Однако через минуту я понимаю, что это бормотание — не диалог. У меня из-за спины появляется сгорбленный силуэт маленькой высохшей старушки. Она мелкими-мелкими шажками ступает по каменным плитам храма, направляясь к Распятию и бормоча что-то на ходу. Разобрать, что именно шепчет бабуля, почти невозможно. Мне только кажется, что я улавливаю что-то похожее на «с праздником» или «праздник».
У Смоленской — женщина-прислужница. Там действительно удобное место, за баками: укромный уголок прямо рядом с иконой. Бабуля шаркает к Распятию, коряво крестится, тычется сухими губами в ноги Спасителя и — шепчет, шепчет что-то. «Праздник…», «с праздником…» — не могу разобрать. Да и неохота прислушиваться: уж больно хорошо батюшка читает Евангелие. Хоть и пожилой, а все слова слышны ясно и четко, и смысл читаемого как-то сам собой проясняется.
Приложившись к Распятию, бабуля поворачивается к Смоленской иконе Божией Матери. Судя по всему, она спрашивает у служительницы храма, что это за икона, и та с неохотой ей что-то отвечает на ухо.

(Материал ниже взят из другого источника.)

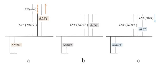 Analysis of the influence of other factors on the cooling of vegetation. (a) Other factors positively impact the cooling effect; (b) other factors negatively impact the cooling effect; (c) other factors have no impact on the cooling effect. Land surface temperature (LST) (normalized difference vegetation index (NDVI)) represents the LST impacted by NDVI. LST (other) represents the LST impacted by other factors.

Старушка крестится, прикладывается к образу, продолжая свое бормотание. Оглядывается в нерешительности: у нее в руках — одна дешевая свечка; остальные она уже поставила на другие подсвечники и теперь думает, кому бы из святых еще помолиться. Она теперь повернута ко мне лицом, поэтому я начинаю слышать, что говорит бабулечка.
— А это что за икона? — обращается она к женщине-прислужнице и указывает взглядом на образ, который висит прямо у меня за спиной на колонне.
— Икона Божией Матери «Боголюбивая»… — женщина понимает, что Евангелие ей послушать не удастся, и, уже смягчившись, мягко под руку направляет старушку в мою сторону. — «Боголюбивая», икона Богородицы.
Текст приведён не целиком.